Monday, September 8, 2014


He said more than once in his Mahabharata that he was born to write Vishnu Purana. He repeatedly called his composition “Vishnu Purana”. For him the story of the Kurus was worth telling because it gave him the opportunity to describe the lila of Vishnu in his avatara as Krishna. His Mahabharata incorporates episodes from Srimad Bhagavata, Harivansa and Skanda Purana. Thus in a sense composing Mahabharata was never an option for him, not something he had decided to do; doing it was his destiny! And what did he do? A number of times he said in his narrative that it was goddess Sarala who really composed and told him the couplets and he simply wrote them down. He wasn’t therefore the creator of the narrative, he was merely the scribe. Saying these, he was probably protecting himself from attacks of the Sanskrit-knowing scholars, the brahmins, who constituted the powerful educational authority of his days. A non-brahmin, he had not merely composed (or rather “dared to compose”) Mahabharata in Odia (this was the first time any classical text was composed in Odia), he had the temerity to deviate from Vyasa Mahabharata to such a significant extent.   

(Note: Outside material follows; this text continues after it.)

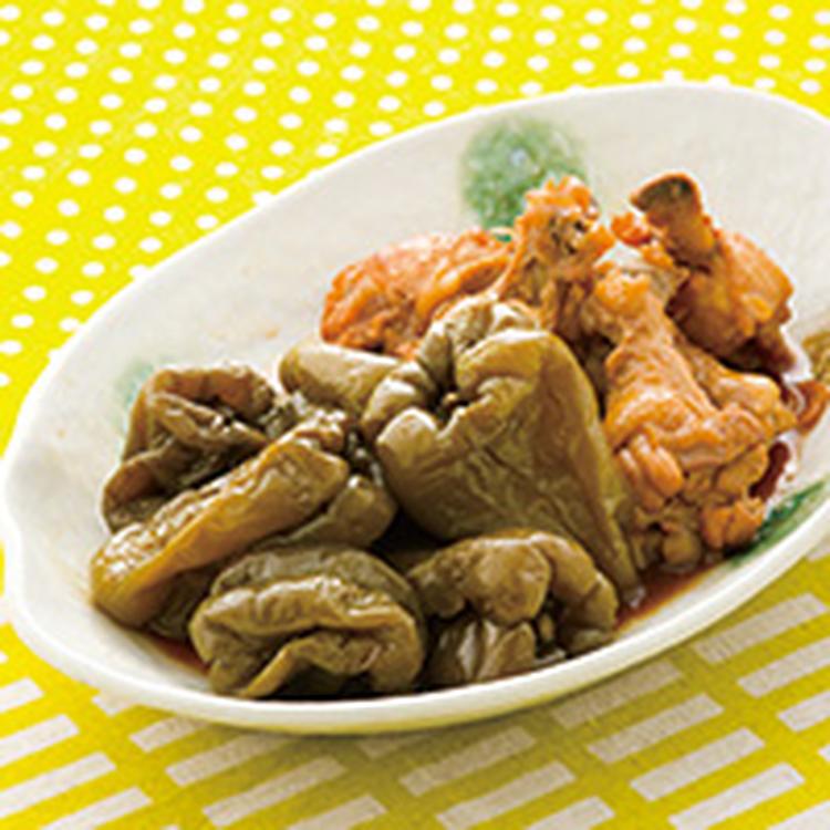 (1)にピーマンを丸ごと加え、弱火で時々ピーマンをひっくり返しながら煮る(あっさり味にするなら弱火でじっくり、こってり味にするなら中強火で汁気を飛ばしながら煮る)。

It is said about the sixteenth century Odia poet Jagannatha Dasa that he wrote Srimad Bhagavata in Odia language so that his mother who did not know Sanskrit would understand this sacred composition and gain religious merit (punya). Nothing of this sort has been said about Sarala Dasa. Surely those who came to listen to his composition did not know Sanskrit and were excluded from the educationally privileged section of the society. They were in his mind when he retold the story; one’s audience is always in one’s mind when one narrates a story. But he made no mention of it in his narrative. May be we can conclude that Sarala’s narrative purpose was the purpose of every creative artist, namely to express himself, and as a teller of a puranic story, his purpose was the same as the composers of all puranas, namely to delight, edify and spiritually elevate his audience.   
Incidentally in Sarala Mahabharata there is no mention of sarpa jajna (snake sacrifice). There is no mention of the curse on King Parikshita, his death on account of that curse and his son, Janmejaya’s revenge. In Sarala’s retelling, the sages of Naimesharanya were not the listeners of the Mahabharata story from Suta, which he had heard at the sarpa jajna of King Janmejaya. Here sage Agastya (better known in the relevant literature as “Agasti”) was the narrator and the great king Vaibasuta Manu was his listener. After worshiping him, the King prayed to the great seer to tell him how to attain moksa and in response the sage began his narrative, which was about moksa, not jaya (victory). For Agastya, for Sarala by implication, listening with devotion to the lila of Narayana is what would bring moksa to the listener.
If Mahabharata, i.e., Vishnu Purana, is to be the narrative of moksa, could it be most appropriately contextualized in a violent situation, where a grieving and angry king was seeking revenge on the killer of his father through a terrible jajna that would destroy all snakes? Isn’t a shishya seeking the marga (path) to moksa from a guru, who was a seer, a more appropriate context for Visnu Purana?